When you were president, I didn’t agree with some of the things you did; but I never felt the kind of genuine concern for the future of this nation that I do now, with your son in the Oval Office.
Mr. Bush, I urge you to contact George and have a long, earnest talk with him about … well, about anything you like, really, but somewhere in the course of that conversation, would you please remind him that this is a nation that is increasingly united in its certainty that Iraq is a mistake.
We’re still not sure what to do about it. People like me think we need to swell our occupying force by at least ten times what George is recommending and prepare for an occupation that will be measured in decades; others believe we should withdraw as soon as we can. But no one seriously believes another 21,500 soldiers is going to have a significant, favorable effect — except, apparently, Condoleezza Rice and your son.
Mr. Bush, this situation is serious. While our forces remain bogged down in Iraq, we are losing control in Afghanistan and North Korea is actively rattling its little atomic saber.

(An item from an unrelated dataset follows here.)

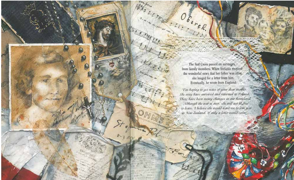
Fig. 5 Illustration from Stefania's Dancing Slippers references significant cultural motifs explored in the text.

Sl. 5. Ilustracija iz slikovnice Stefania's Dancing Slippers [Stefanijine plesne papučiće] upućuje na važne kulturne motive koji se razrađuju u tekstu.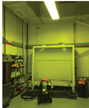
Left: Yellow light washout lab

In the vacuum of US diplomatic leadership, the situation between Israel and Palestine is essentially a roller-coaster; and Iran and Syria are now beginning to jump on the anti-US dogpile.
It’s my belief that George has made the mistake of assuming the US can and should act unilaterally, rather than engaging the UN and asking for the help of our (largely former) allies. I know, and you do as well, that it’s difficult to admit to being wrong, particularly publicly; but everyone except George seems to know that he’s backed us into an untenable corner. Please, Mr. Bush, try to explain to him how much better he’ll feel, how much more soundly he will sleep at night, after confessing to his mistake and making amends for it.

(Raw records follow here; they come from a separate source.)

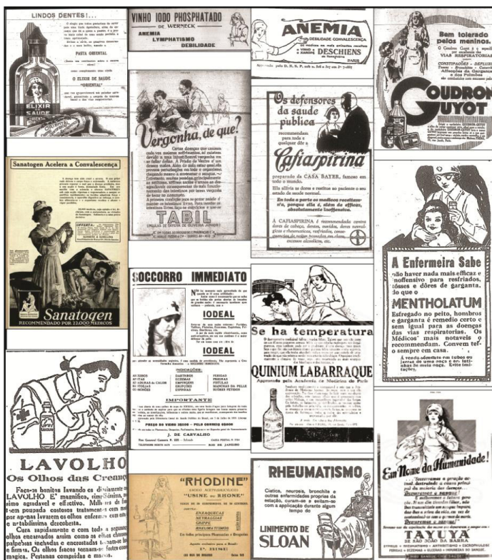
Figure 1. Medication advertisements with female images wearing female nurses' uniforms (1916-1931), featured in the pages of the Fon-Fon Magazine.

In the 148 editions searched, 14 types of medication advertisements with images were found, including personal attributes of female nurses in the Fon-Fon magazine, in the period from 1916 to 1931, in a total of 248 images with these attributes (Figure 1).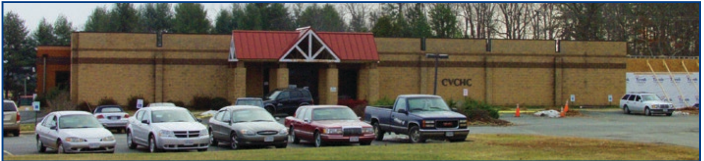
Central Virginia Health Services (CVHS)

Interpretive programs are offered Memorial Day through Labor Day and include guided canoe floats, wagon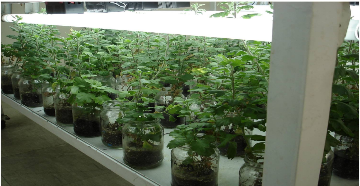
Fig.1: In vitro grown from auxiliary bud and further used as shoot explant for multiplication experiment.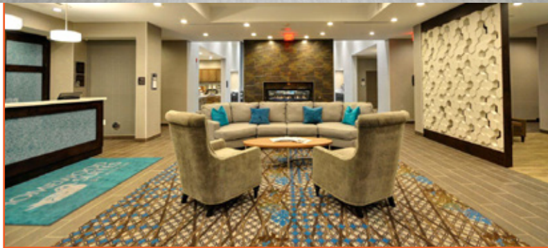
Homewood Suites West Chester, Ohio

Born out of a need to source quality hotel furniture that aligns with hoteliers' renovation/build timelines in 2008, Eclipse Hospitality provides our clients and design professionals with the most versatile, custom-crafted casegoods and upholstered seating for hotel guestrooms and public spaces throughout North America.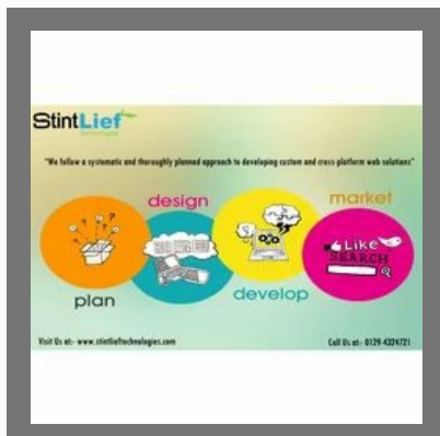
E Shop Development Service

We are a very forgiving nation, when offered a humble apology; but we tend to punish hubris very harshly.
There are lots of wild rumors out there regarding why George seems to be so set on ignoring the clear desires of the people of the US, and others are now circulating about his apparent gung-ho willingness to engage Iran (as well as, possibly, Syria) in a fight that simply won’t succeed. The Nazis collapsed partly because they were fighting a war on three fronts. How many more battle lines does George plan to draw for us? I’m fairly certain — as are most Americans and many of our foes — that our military cannot afford another fight right now.

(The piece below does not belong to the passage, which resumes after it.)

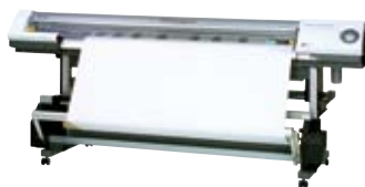
VersaArt™ RS-640 Most affordable high production 64" printer

Mr. Bush, my greatest concern is that your son, who claims to be a born-again Christian, sincerely believes in the bizarre eschatology of right-wing fundamentalist fanatics; that is, he sincerely believes in the truth of Revelation, the inevitability of Armageddon and the return of Jesus Christ to earth. If he does believe these things are possible, then my fear rises that he thinks he is precipitating that very return by the actions he is taking now. By engaging the Middle East in a multifront war, he doesn’t see that the human misery and suffering — as well as the destabilizations which might take centuries to resolve — will not lead to some kind of “rapture” or the descent of any sort of god from the clouds. So please, Mr. Bush, explain to him that the consequences of his being wrong are significant enough that — even if he’s totally sure of himself — he really cannot afford to continue as he has been.
Because, in ten years’ time, when his little god hasn’t returned, he will drink himself into complete stupidity, and probably end up shooting himself in the head in shame. I’m sure you don’t want that to happen to him, and the only way to prevent it is to convince him now that his religiously-driven course of action is simply the wrong one.
Mr. Bush, for the sake of this nation, the nations in the Middle East, and the lives of millions which will be lost if George continues to have his way, I ask you to convince your son that he needs to learn the values of speaking softly, listening attentively, and behaving with humility.